**Work task**
In the answer, give the entries below exactly, from the first line through the line with "Осторожно подденьте правый", with every picture omitted.
***
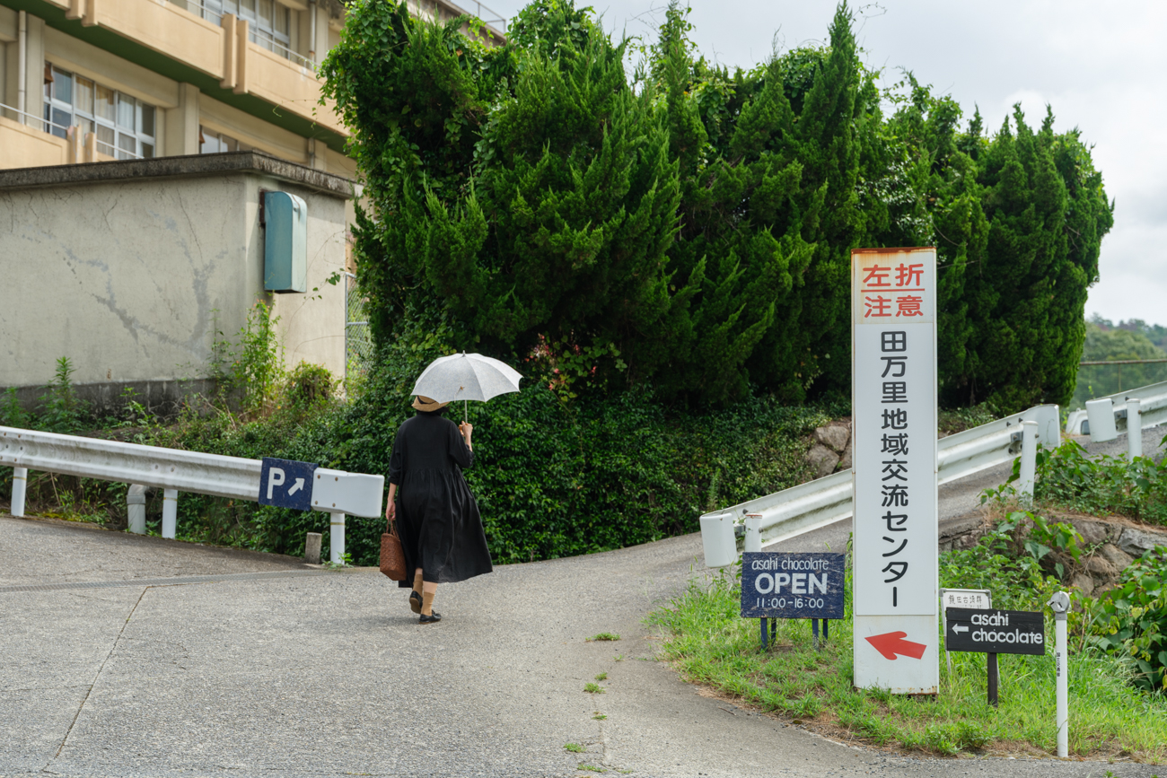 国道2号の田万里バイパス沿いに佇む、チョコレート専門店「あさひチョコレート工房」。カカオ豆から板チョコレートにするまで、自社内で作り上げる「Bean to Bar(ビーン・トゥ・バー)」という、クラフトチョコレートのスタイルを取り入れています。一見工房っぽく見えないのもそのはず。ここは、2005年に廃校となった旧田万里小学校。シンとした廊下や光が差し込む階段は、どこか懐かしい気持ちにさせてくれます。
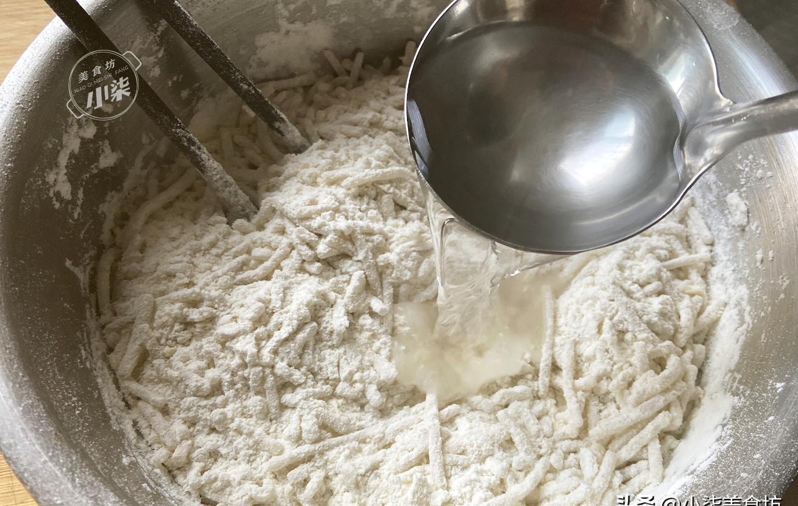 6。将沸水铲入面粉中,并在烫伤时搅拌。由于水中的空气,其目的是从热开水中干燥。它会溅出油,然后用沸水煮沸。味道更柔和。
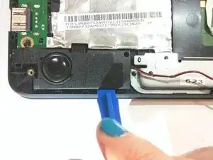 Осторожно подденьте правый динамик пластиковым инструментом для вскрытия.
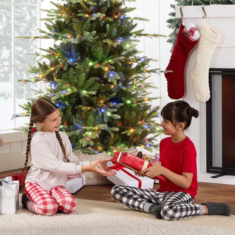 CLASSIC NOBLE FIR: Specially built branches combine premium-quality PE PVC to recreate the stiff, horizontal pattern of the iconic tree-combining convenient construction with realistic appeal HIGH-QUALITY: Realistic and flame-retardant branch tips provide a stiff, strong foundation for the heaviest ornaments, while a metal base keeps your tree upright for the holiday ahead! EASY ASSEMBLY CORDLESS CONNECTION: This 3-step assembly features a cordless light system-just stack the sections of the tree, fluff, and plug in the base; Fluffing times (4.5ft/6ft/7.5ft/9ft/12ft): 15-30 min/ 30-45 min / 45-60 min/ 1-1.5hrs/1.5-2hrs FULL APPEARANCE: Thousands of tips create an even and full appearance with plenty of space for decoration; Number of tips (4.5ft/6ft/7.5ft/9ft/12ft): 750/1,350/2,136/3,088/5,748 9 LIGHT FUNCTIONS: Cycle between 9 light sequences as hundreds of 2-in-1 warm white and multicolored LED lights come to life and add a dynamic touch to the holidays; Light Counts (4.5ft/6ft/7.5ft/9ft/12ft): 150/300/400/600/1000
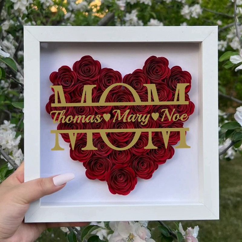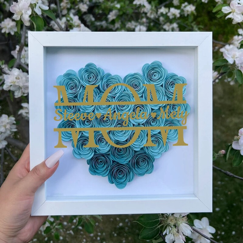 Mom Heart Shaped Monogram Flower Shadow Box Gift For Mothers
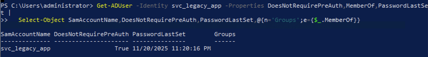 svc_legacy_app - Pre-authentication: Disabled (“Do not require Kerberos preauthentication” checked)
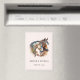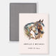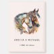 Die Hochzeit speichert den Datums-Magneten mit einem Bild mit einem Paar Pferde. Tragen dekorativer Headbands. Umgeben von Federn und Blättern.
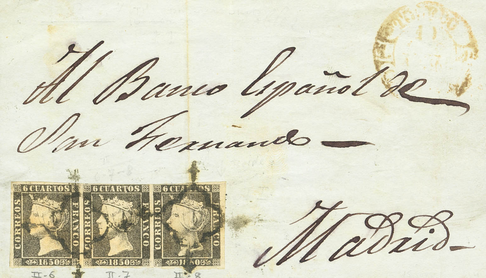 1A(3). 1850. 6 cuartos negro. TOLEDO a MADRID. MAGNIFICO Y RARO TRIPLE PORTE.
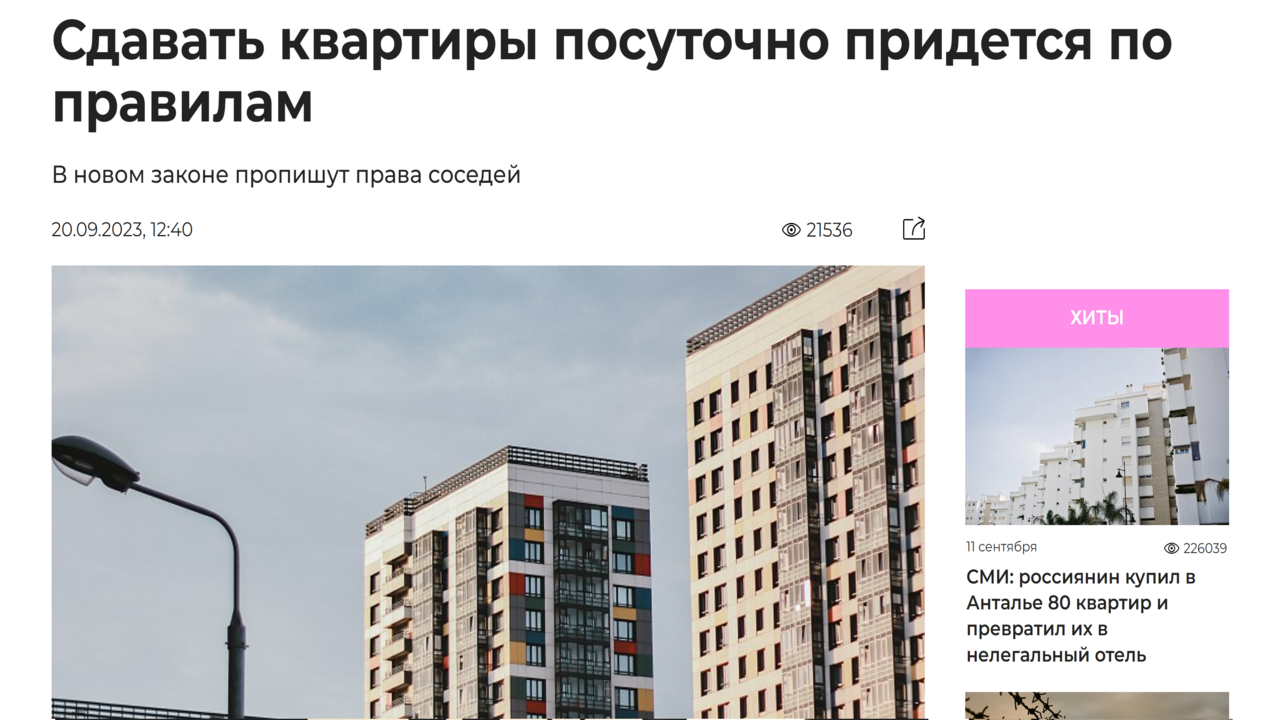 Новости туризма 20/09/2023 Сдавать квартиры посуточно придется по правилам #туризм
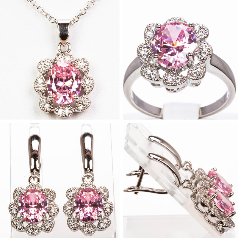 Arany tónusú Emporia Ötvözetű Szett Rózsaszínű Emporia® Kristállyal és Fehér Emporia® Kristállyal ( Fülbevaló+Gyűrű+Medál )
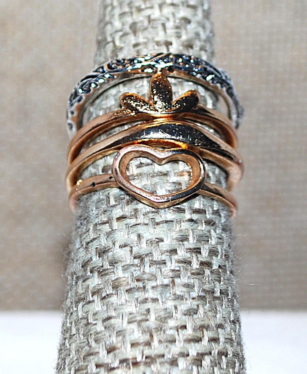 Size 6-6½ Collection of 4 RINGS - 1 Silver Tone, Rough Cut Band; 3 Gold Tone, Heart, Flower & Simple (4.6g)
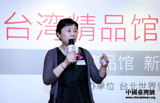 臺(tái)北世界貿(mào)易中心營(yíng)銷項(xiàng)目處處長(zhǎng)、“臺(tái)灣精品館”館長(zhǎng)李惠玲在新聞發(fā)布會(huì)上致辭。(中國(guó)臺(tái)灣網(wǎng) 鐘寶華 攝)
***
**Answer to the problem**
 国道2号の田万里バイパス沿いに佇む、チョコレート専門店「あさひチョコレート工房」。カカオ豆から板チョコレートにするまで、自社内で作り上げる「Bean to Bar(ビーン・トゥ・バー)」という、クラフトチョコレートのスタイルを取り入れています。一見工房っぽく見えないのもそのはず。ここは、2005年に廃校となった旧田万里小学校。シンとした廊下や光が差し込む階段は、どこか懐かしい気持ちにさせてくれます。
 6。将沸水铲入面粉中,并在烫伤时搅拌。由于水中的空气,其目的是从热开水中干燥。它会溅出油,然后用沸水煮沸。味道更柔和。
 Осторожно подденьте правый динамик пластиковым инструментом для вскрытия.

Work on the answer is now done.